There are two good reasons why your concrete mixer slump meter should use a watt transducer and not just measure Amps:
An Ammeter (or electrical current meter) measures the current drawn by your mixer motor during mixing of a full batch of concrete. As the aggregates and cement flow into the mixer, the current, and the power drawn by the motor(s) increases. When water mixes into the other ingredients, the current and power increase even more. It peaks when the mix reaches a doughy consistency, or “zero slump”. As the concrete starts to flow, it now has a “slump” value and the current or power starts to decrease in proportion to the flow characteristics of the mix. This drop in current and power is dramatic, with a small amount of extra water giving a large drop in resistance to the motion of the paddles. The “Slump Meter” in your Batch Controller measures current or power to detect this drop and, as a result, control the quantity of water to give the desired slump.
Why not use an ammeter?
If you use an ammeter to measure the slump, the current measurement is inversely proportional to the voltage and if the voltage drops, the current will rise. This is a simple fact of the way electric motors work. Not so obvious but equally critical, as the load on the motor increases, the phase angle decreases and the power factor increases. These terms and their explanation are more complex than I can describe in a short article. The result, however, is to reduce the range of the ammeter from no load to full load on the motor. In effect, it limits the sensitivity of the meter.
By multiplying volts and amps we can make the result, VA, independent of the applied voltage and remove one problem. But when true motor power, Watts, is used, we now get a larger variation from no load to full load. As a result, we get more sensitivity from the slump meter.

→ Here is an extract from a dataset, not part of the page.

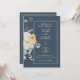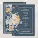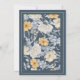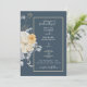 ALGO AZUL! La invitación de boda floral tradicional presenta un diseño floral elegante en azul y blanco sobre un fondo apagado con borde dorado
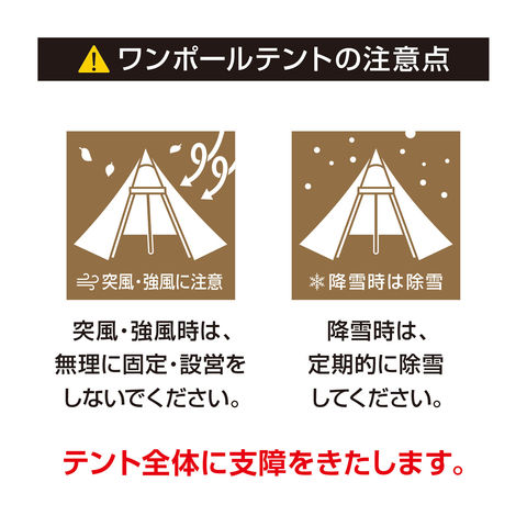 ※風が強い時期は、無理に固定を強くすると、逆にテント下からの上昇気流による負荷から、生地(縫製箇所)が破損する場合があります.こういった場合は逆に風抜けをよくするか、速やかに撤収してください.

A Watt Transducer is better
The measurement of true motor power is more expensive, but the result is worth the extra cost. Instead of a simple ammeter or current transducer, we now need a more complex electronic box. The watt transducer measures true rms volts, true rms amps and phase angle. In addition, we need a voltage step-down transformer and one or two current transformers. The cables carrying the motor power are threaded through these. The transducer sends its output to a panel meter or, more often, the PLC or control system for the batch plant. The control system then compares the motor power, as we add water to the mixer, to the setting for the desired slump value. It either controls the water directly or, more usually, monitors the slump after the addition of the calculated volume of water.
Scale-Tron’s BatchTron control system operates in this way. It has a watt transducer as its slump meter and a bar-graph displayed on the touch screen, next to the mixer symbol. The operator can check the motor power from this bar-graph and optionally he can set upper and lower limits to warn if the slump is too high or low. Because it uses a watt transducer, it is sensitive and independent of the supply voltage.